Fritz Wintersteller and Kurt Diemberger reached the forepeak (8030 m) on 29 May 1957, during the course of the Austrian expedition led by Marcus Schmuck. However, it was a few days later, between 8 and 9 June, that Wintersteller, Schmuck, Diemberger, and Buhl reached the true summit of Broad Peak (8051 m) and achieved the first successful ascent of the mountain.
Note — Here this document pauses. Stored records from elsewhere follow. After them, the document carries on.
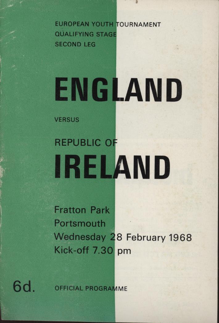 ENGLAND V IRELAND (YOUTH INTERNATIONAL) 1967-68 FOOTBALL PROGRAMME - FRATTON PARK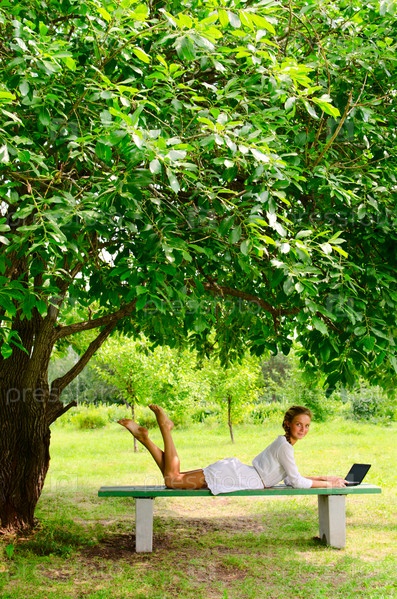 Красивая девушка с ноутбуком, лежащя под деревом на скамейке в парке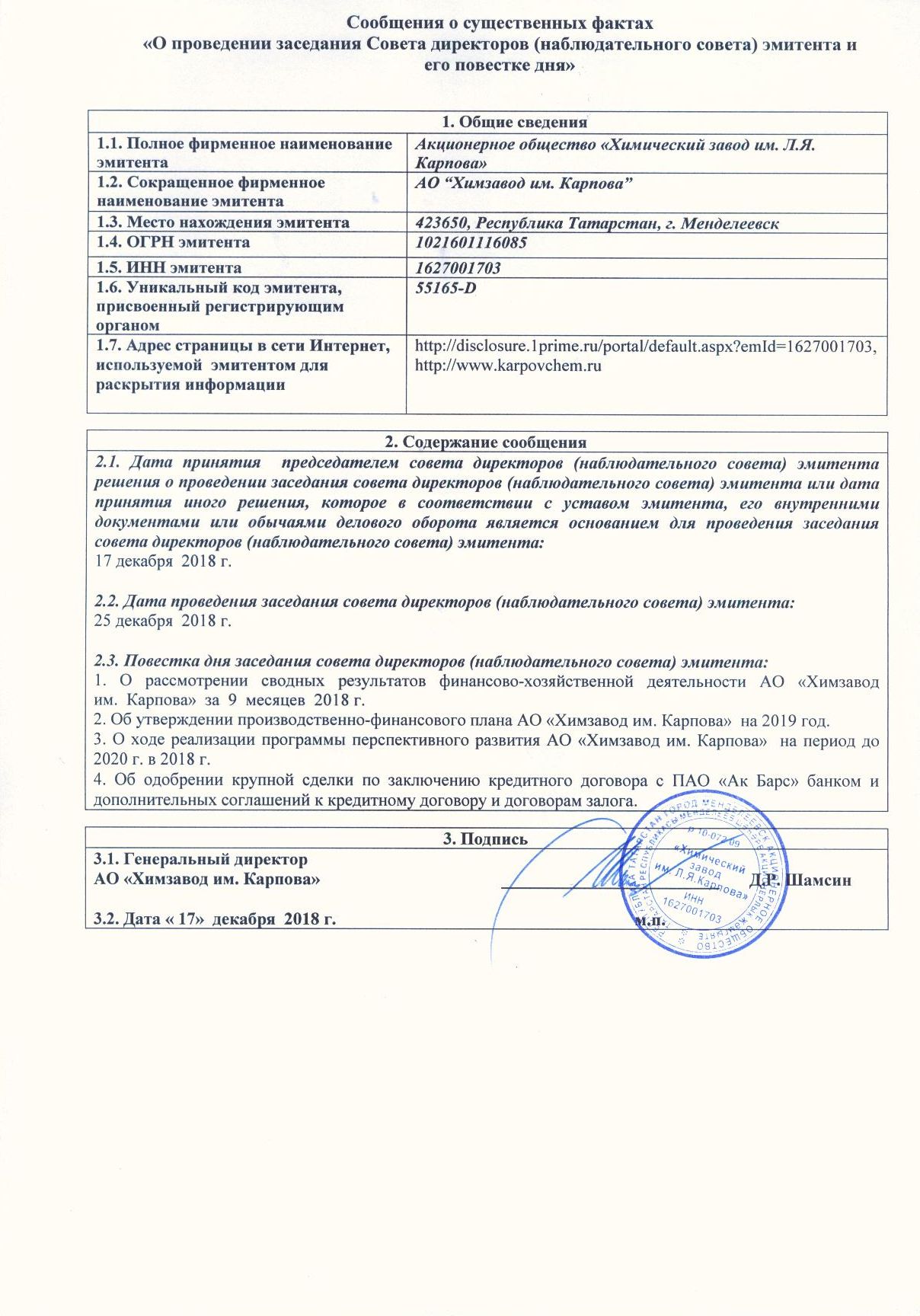| Сообщение о существенном факте о проведение заседания совета директоров (наблюдательного совета) и его повестка дня от 17.12.2018 (282,95 Кб) | |
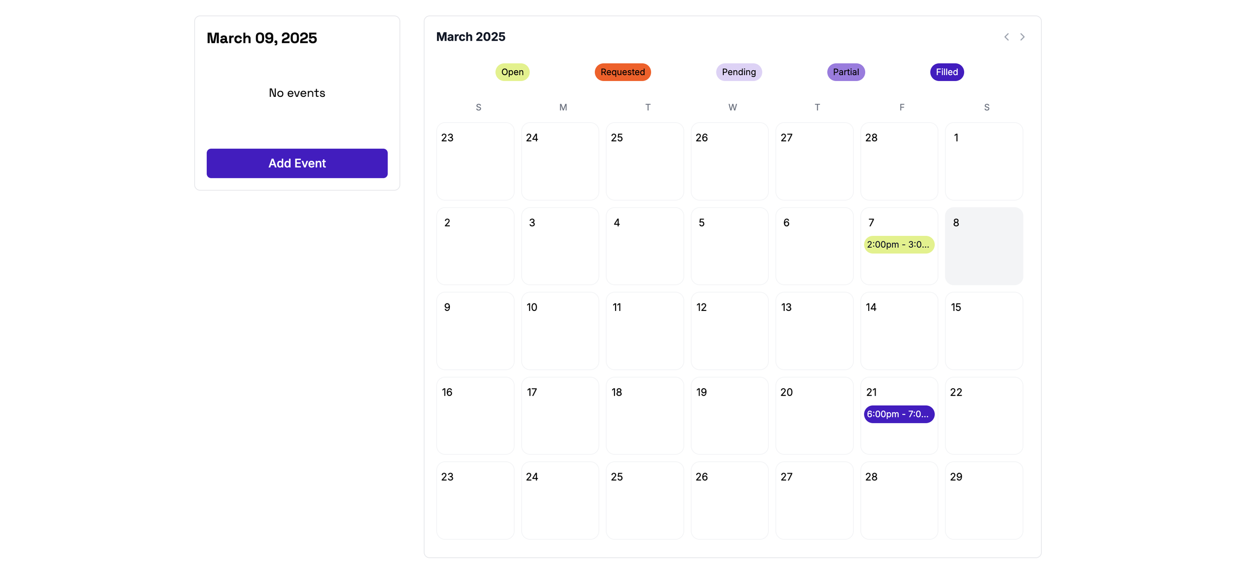 From the calendar page, users can see all upcoming events and their statuses via our intuitive legend UI, providing you with a top level view of each time slot in a scheduled event.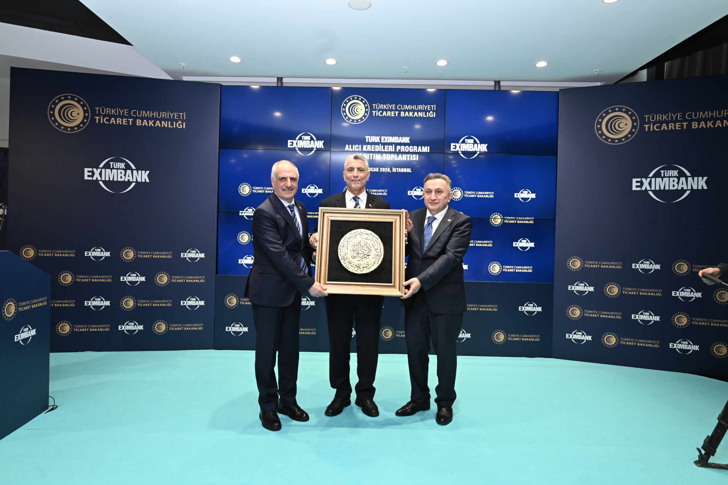 Toplantının ardından Türk Eximbank Yönetim Kurulu Osman Çelik ve Türk Eximbank Genel Müdürü Ali Güney, günün anısına istinaden Ticaret Bakanı Prof. Dr. Ömer Bolat’a bir hediye takdim etti.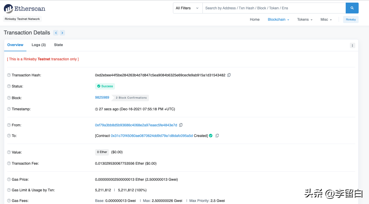 QuickNode 本质上帮助我们广播我们的合约创建交易,以便它可以尽快被测试网上的矿工拾取。一旦交易被挖掘出来,它就会作为合法交易被广播到区块链上。从那里,每个人都会更新他们的区块链副本。

Buhl approached the summit in the twilight, at around 18:30. The ascent was accomplished without the aid of supplemental oxygen, high-altitude porters or base camp support. The original pennant bearing the Bergland section's emblem, which appears in Buhl's summit photo, is on display in the restaurant of the August-Schuster-Haus in Garmisch-Partenkirchen. This summit photo and Buhl's last letter to his comrades from Bergland can be found in the commemorative publication for the 50th anniversary of the Bergland section in 1958.

=== Chogolisa ===
Just a few weeks after the successful first ascent of Broad Peak, Buhl and Diemberger made an attempt on nearby, unclimbed Chogolisa (7665 m) in Alpine style. Buhl lost his way in an unexpected snowstorm on the southeast ridge, near the summit of Chogolisa II (7654 m; also known as Bride Peak), and walked over a huge cornice overhanging the mountain's north face, subsequently triggering an avalanche that hurled him down the face. His body could not be recovered and remains in the ice. After losing sight of Buhl in the storm, Diemberger, who was climbing with him, found his footsteps leading to a fresh breach in the cornice.

== Legacy ==
Buhl was the first person to climb an eight-thousander on the final section alone and without additional oxygen. Austrian sports journalists voted him "Sportsman of the Year 1953" on 21 January 1954.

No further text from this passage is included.